Bronze mit dunkelbrauner Patina. 1938-41.

26,6 x 25,5 x 9,7 cm.

Seitlich links signiert "KOLLWITZ", dort unten mit dem zweiteiligen Gießerstempel "H. Noack Berlin".

Seeler 38 II.A, Timm 59.

Kollwitz' bekannteste Plastik bezieht ihre besondere Wirkung aus einer immensen Vielschichtigkeit und Prägnanz. In dem fragmentarischen, engen Ausschnitt tritt ein Antlitz zutage, das selbstbildnishafte Züge trägt. Die linke Hand liegt über der linken Gesichtshälfte, und die rechte Hand bedeckt knapp die Lippen, der Daumen liegt vertikal am Kiefer. Das geschlossene rechte Auge verstärkt den Eindruck einer starken Abgrenzung nach außen. Diese korrespondiert zugleich mit einem regen Innenleben. Geradezu beispielhaft nimmt hier eine Konzentration auf das Innerste Gestalt an. Das Sich-Abschließen erscheint hier nicht als freiwilliger Rückzug, sondern als Ergebnis vom Einwirken äußerlicher Gewalt. Die über den Mund gelegte Hand verdeutlicht, dass nichts von innen nach außen gelangen soll. Mit dem aufrechten Daumen, der wie ein Ausrufezeichen wirkt, scheint zudem das Sprechen untersagt. Ist die an die Wange gelegte linke Hand ein seit der Antike überlieferter Trauergestus, so kommt mit der den Mund verschließenden Rechten noch das erzwungene Schweigen hinzu. Die Künstlerin arbeitete mit der Rechten, und da diese an das Mundhalten gebunden ist, zeigt Kollwitz sich gleichsam selbst als zur Tatenlosigkeit verurteilt.
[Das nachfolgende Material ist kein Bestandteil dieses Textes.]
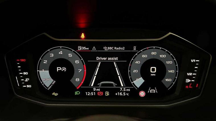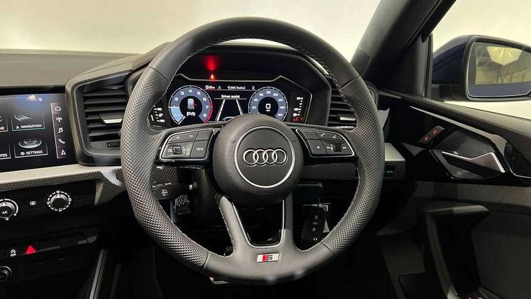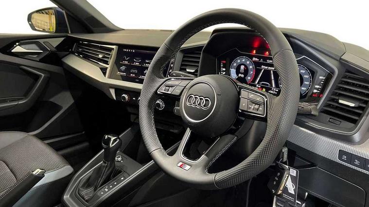 10.25" Digital instrument cluster display classis style instrument dials + speed, odometer, time, outside temperature, telephone menu + fuel level warning, Advanced driver attention and drowsiness monitor, Audi connect emergency call and service, Audi drive select, Audi remote connect and control, Bluetooth interface, Camera based traffic sign recognition, Cruise control, Driver's information system, Electromechanical power steering, Lane departure warning system, Rear parking sensor, Service interval indicator, Smartphone interface, Speed limiter, Start stop system with recuperation, Voice control system, Washer fluid level indicator, Sports suspension, 2 x USB type C connection points, 6 loudspeakers, DAB Digital radio, MMI radio plus with 10.1" colour MMI display screen and MMI touch, Auto dimming rear view mirror, Body coloured door mirrors, Door sill trims with aluminium inlays and S line logo in front, Electric front and rear windows, Electrically adjustable, heated, folding door mirrors with integrated LED side indicator, Front side air inlets in grained matt black and C frame in anthracite black, Headlight cleaning system, Heat insulating glass windscreen and side windows, Heated rear windscreen, High level LED brake light, LED daytime running lights, LED headlights with range control LED rear lights + dynamic rear indicators, Light and rain sensors, Privacy glass, Radiator grille and rear diffuser in matt anthracite black, Radiator protective grille frame in matt aluminium silver, Rear fog lights, Rear side wing doors, Rear wiper, Side front spoiler lips in grained matt black, 12V socket in centre console with two cup holders, 3 rear seats with headrests, 3 seat bench in 2nd row, 3 spoke leather multi-function plus steering wheel features S badging and grips in perforated leather with contrast stitching, 40:60 Split folding rear seat or fully collapsed, Black carpets, Black cloth headlining, Front and rear velour black floor mats with contrast stitching in fine silver, Front head restraints, Front passenger seat, Height and reach adjustable steering wheel, Interior lighting includes roof module, front and rear reading lights and right luggage compartment lighting, ISOFIX child seat mounting for front passenger and outer rear seats including top tether attachment point of outer rear seats, Leather gear knob with aluminium trim, Leather handbrake grip, Manual air conditioning, Manual height adjustable for driver and front passenger seat, Manually adjustable lumbar support in front seats, Stainless steel pedals, Ambient lighting package - A1, Luggage compartment pack - A1, S line exterior styling pack - A1 Sportback, 3x3 point rear seatbelts, Audi pre-sense front with pedestrain and cyclist recognition, Brake assist function, Driver and front passenger airbag with front side and head airbags, Electronic Stability Control including ABS, EBD, ASR and EDL, Front passenger airbag deactivation switch, Hill hold assist, Manual rear child locks, Seatbelt height adjustment for front seats, Seatbelt monitoring, Tyre pressure loss indicator, Warning triangle and first aid kit, Anti theft alarm, Anti theft wheel bolts, Immobiliser, Remote control key with safelock, Aluminium trim for control switches, air vents and digital instrument cluster, Black dashboard, Silver grey inlays polygon structure in diamond paint finish, Structured grey accent surfaces insert of air vents, interior door handle recesses and centre console in quartz paint finish,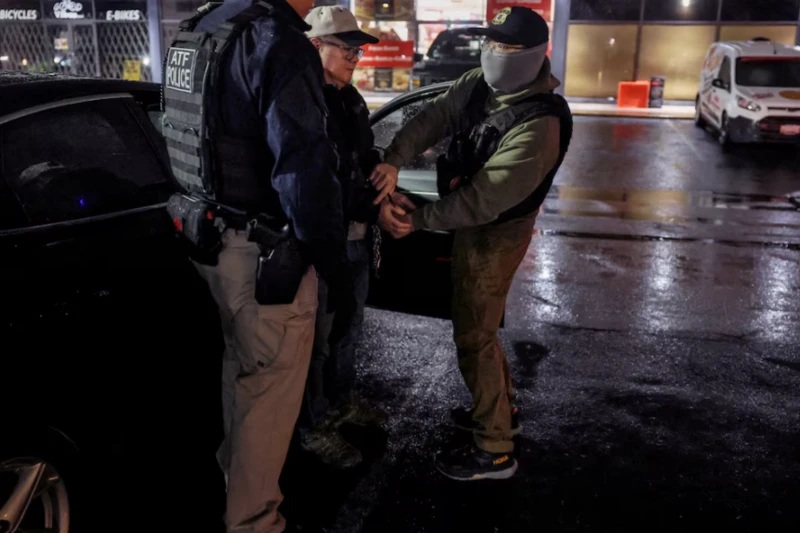 Các sĩ quan từ Cơ quan Thực thi Di trú và Hải quan Hoa Kỳ, Cục Rượu, Thuốc lá, Súng và Chất nổ, và Cơ quan Thực thi Ma túy rời đi sau khi cố gắng vào một căn hộ để truy đuổi một người đàn ông Honduras gần thành phố Rockville nhưng không thành công vào ngày 6/2/2025

"Die Klage" ist zum einen eine beeindruckende Stellungnahme zu ihrer eigenen Situation als Künstlerin zur Zeit des Zweiten Weltkriegs. Stellvertretend für alle, die unter der Diktatur leiden mussten, zeigt Kollwitz vielsagend anhand ihres Gesichts, was es bedeutet, zum Schweigen verurteilt zu sein und die Augen verschließen zu müssen vor einem Unrecht, das man doch nicht aus dem Sinn verbannen kann. Zum anderen ist die Bronze ein Denkmal für ihren Künstlerkollegen Barlach, entstanden unter dem Eindruck seines Todes und des furchtbaren Unrechts, das er unter der Herrschaft der Nationalsozialisten erleiden musste.
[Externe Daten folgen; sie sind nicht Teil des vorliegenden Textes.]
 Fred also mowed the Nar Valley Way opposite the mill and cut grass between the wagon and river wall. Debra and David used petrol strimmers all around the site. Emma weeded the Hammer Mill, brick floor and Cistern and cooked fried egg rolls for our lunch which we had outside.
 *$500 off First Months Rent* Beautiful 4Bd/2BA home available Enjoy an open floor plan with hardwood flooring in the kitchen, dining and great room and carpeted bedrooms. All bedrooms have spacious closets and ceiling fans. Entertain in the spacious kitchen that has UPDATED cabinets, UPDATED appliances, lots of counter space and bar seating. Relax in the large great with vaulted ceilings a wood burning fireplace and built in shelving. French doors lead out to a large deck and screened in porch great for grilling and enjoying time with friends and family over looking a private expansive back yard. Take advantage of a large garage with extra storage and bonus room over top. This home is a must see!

Unser Relief, in einem hervorragenden Guss mit wunderbar gleichmäßiger Patina, wurde bereits zu Kollwitz' Lebzeiten unter der Hand mittels Fotografien sowie Gipsabformungen und Metallgüssen verbreitet. Es ist das bei Institutionen und Sammlern bis heute begehrteste plastische Werk der Künstlerin.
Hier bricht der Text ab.